FIGURE 4. Automatic alignment of excitation beams to the image focal plane. (A) Schematic of the alignment between the excitation beams and the detection objective based on acquired fluorescent images in the brain. (B) Calculation of focus measures. We apply a Fourier transform to the image, followed by a polar transform to the resulting power spectrum and a 1D projection along the angular axis. Then we calculate the width of the power spectrum above the threshold as a focus measure. Images with the finest resolution yield a higher focus measure. (C) Detection of the optimal beam position for the dorsal part of the brain. Normalized focus measures at different beam positions (circles), Gaussian fit (orange line), and the best focus (red dashed line) are plotted. Sample images from different beam positions are shown on the top. Scale bar, 10 μm. (D) Same plots as (C) for the ventral part of the brain. Scale bar, 10 μm. (E) Top, estimation of the nonlinear function between the position of the detection objective (DO) and analog output voltage for the axial scanning of the excitation beams during a volumetric scan. The estimated function (solid lines) may show nonlinearity compared to linear estimation based on the start and end position of the detection objective (dotted lines). Bottom, we estimated nonlinear functions between the positions of the detection objective (DO) and analog output voltage for axial beam scanning in the brain of a zebrafish. We determined optimal voltage output at five positions of the detection objective during a volumetric scan of the front beam (cyan) and side beam (magenta) independently and estimated transformation functions by cubic interpolation. The resulting functions (solid lines) showed nonlinearity compared to linear estimations (dashed lines). Bottom inset, the difference between the optimal analog output and the linear estimation was as large as 0.043V, which amounts to 7.5 μm of the axial position of the side beam, at the middle plane of a volumetric scan.

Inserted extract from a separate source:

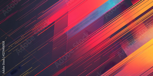 Fototapeta premium Dynamic abstract composition with diagonal neon streaks in red, orange, and...
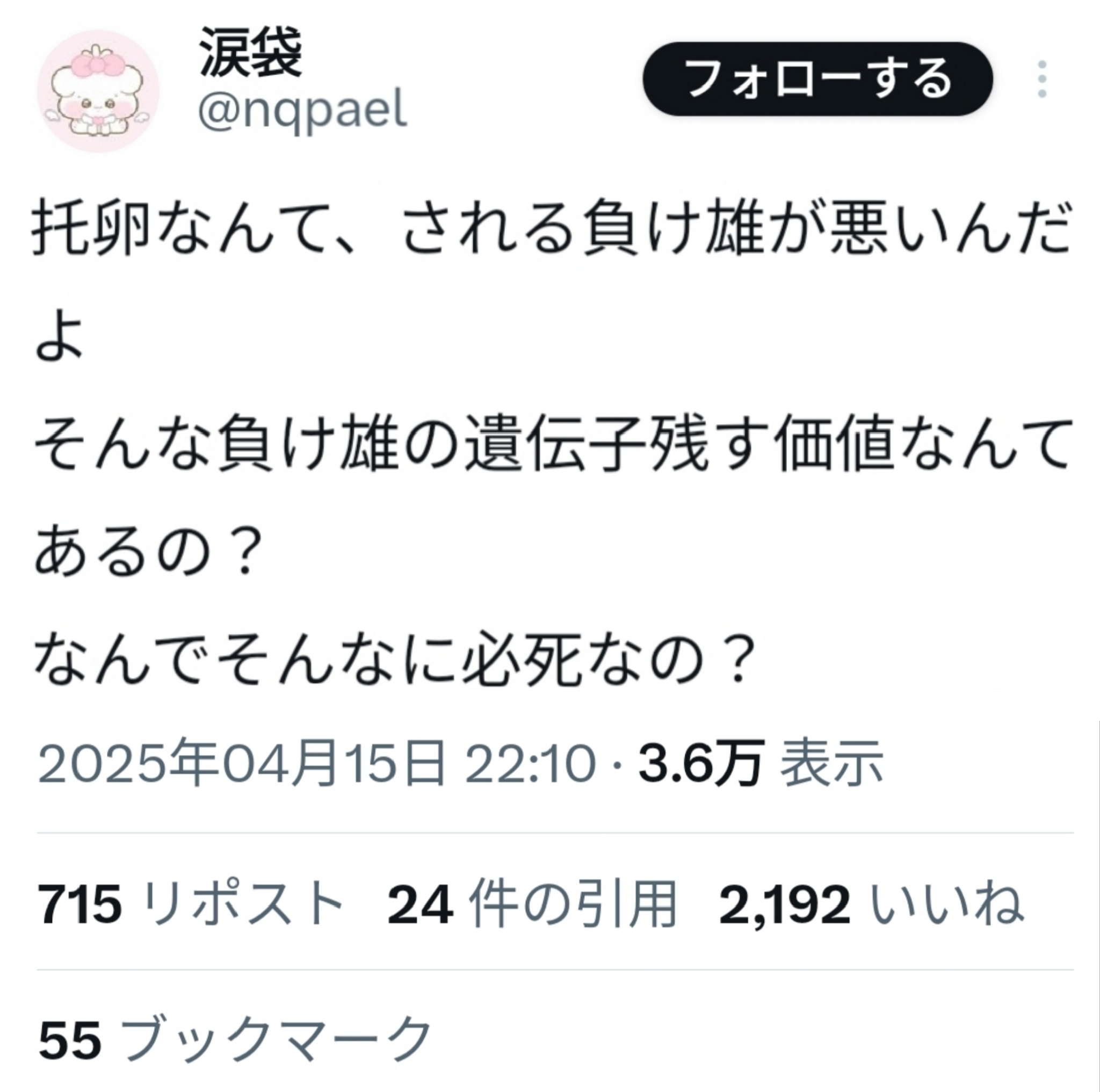 托卵される負けオスが悪いよね...このスレは古いので、もうすぐ消えます。

We implemented a novel automatic algorithm to assist such a time-consuming alignment process by using an image resolution measure based on Fourier transformation (Mizutani et al., 2016) (Figure 4B). Optimal beam alignment yields a higher resolution of fluorescent images, which results in higher powers in the high-frequency domain in images. This algorithm first Fourier-transforms the fluorescent image to obtain its 2D power spectrum. A polar transform is applied to the 2D power spectrum and is projected onto 1D by averaging along the angular dimension. We then use the logarithm of the obtained 1D projected array to quantify image resolution. The threshold for quantifying image resolution is defined as the sum of the mean and three times the standard deviation of the baseline part of the power spectrum. We then count the number of points above the set threshold and use this number as an image resolution measure (Figure 4B). We implemented this algorithm using a library for GPU computing (CuPy, https://cupy.dev/) to minimize computation time for Fourier transform and polar transform.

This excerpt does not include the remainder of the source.